--- DATA SECTION ---

▼

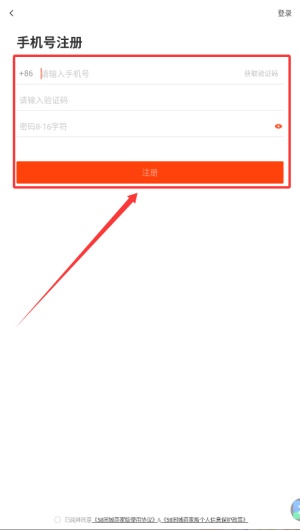 1. 打开 App 进入注册页面,输入手机号、验证码与密码后,勾选协议点击“注册”完成账户创建。
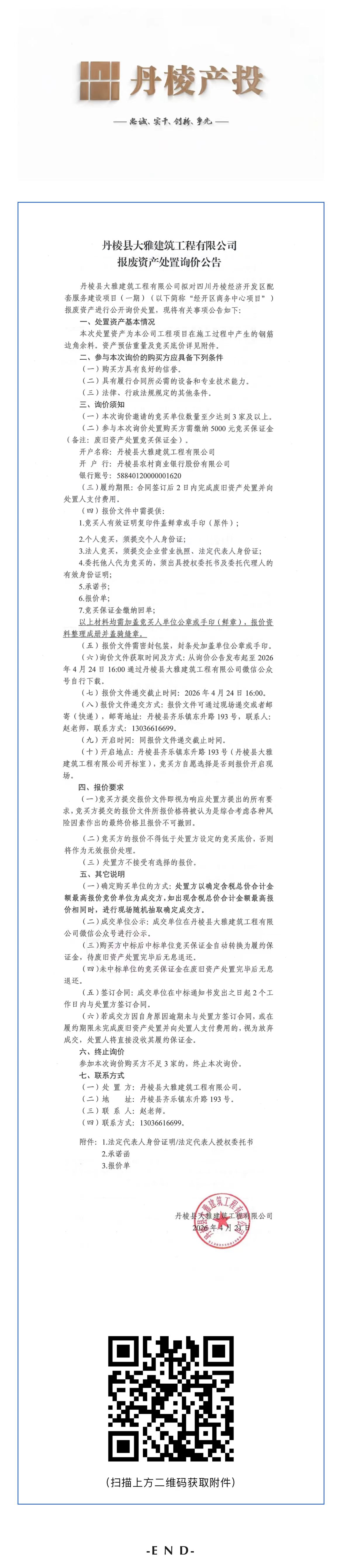 丹棱縣大雅建筑工程有限公司報廢資產(chǎn)處置詢價公告
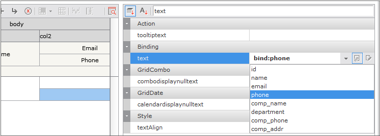 GridコンポーネントとバインドされたDatasetがある場合、Datasetに設定された列のリストをエディタで確認することができます。textプロパティに直接「bind:id」という値を入力するか、リストから「id」項目を選択することができます。
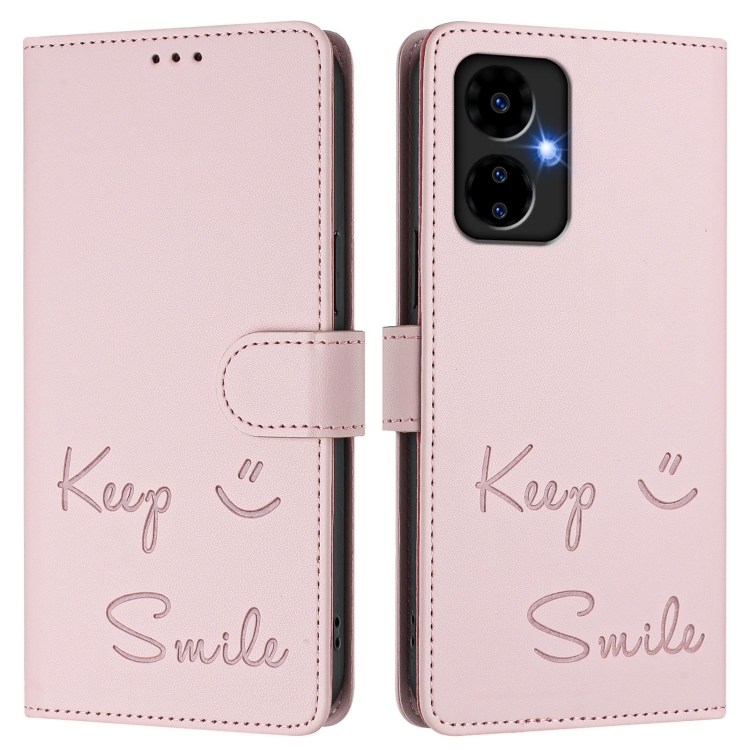 Funda de Cuero Rfid con Relieve Sonriente para Teléfono Boost Mobile Celero 5G (2024) (Rosa)

▲

--- WHAT YOU ARE ASKED TO DO ---
Reproduce, exactly and without pictures, the lines above from the one containing "Gridコンポーネントとバイ" through the last line of the material, both ends included, and nothing more.

--- ANSWER SPACE ---
 GridコンポーネントとバインドされたDatasetがある場合、Datasetに設定された列のリストをエディタで確認することができます。textプロパティに直接「bind:id」という値を入力するか、リストから「id」項目を選択することができます。
 Funda de Cuero Rfid con Relieve Sonriente para Teléfono Boost Mobile Celero 5G (2024) (Rosa)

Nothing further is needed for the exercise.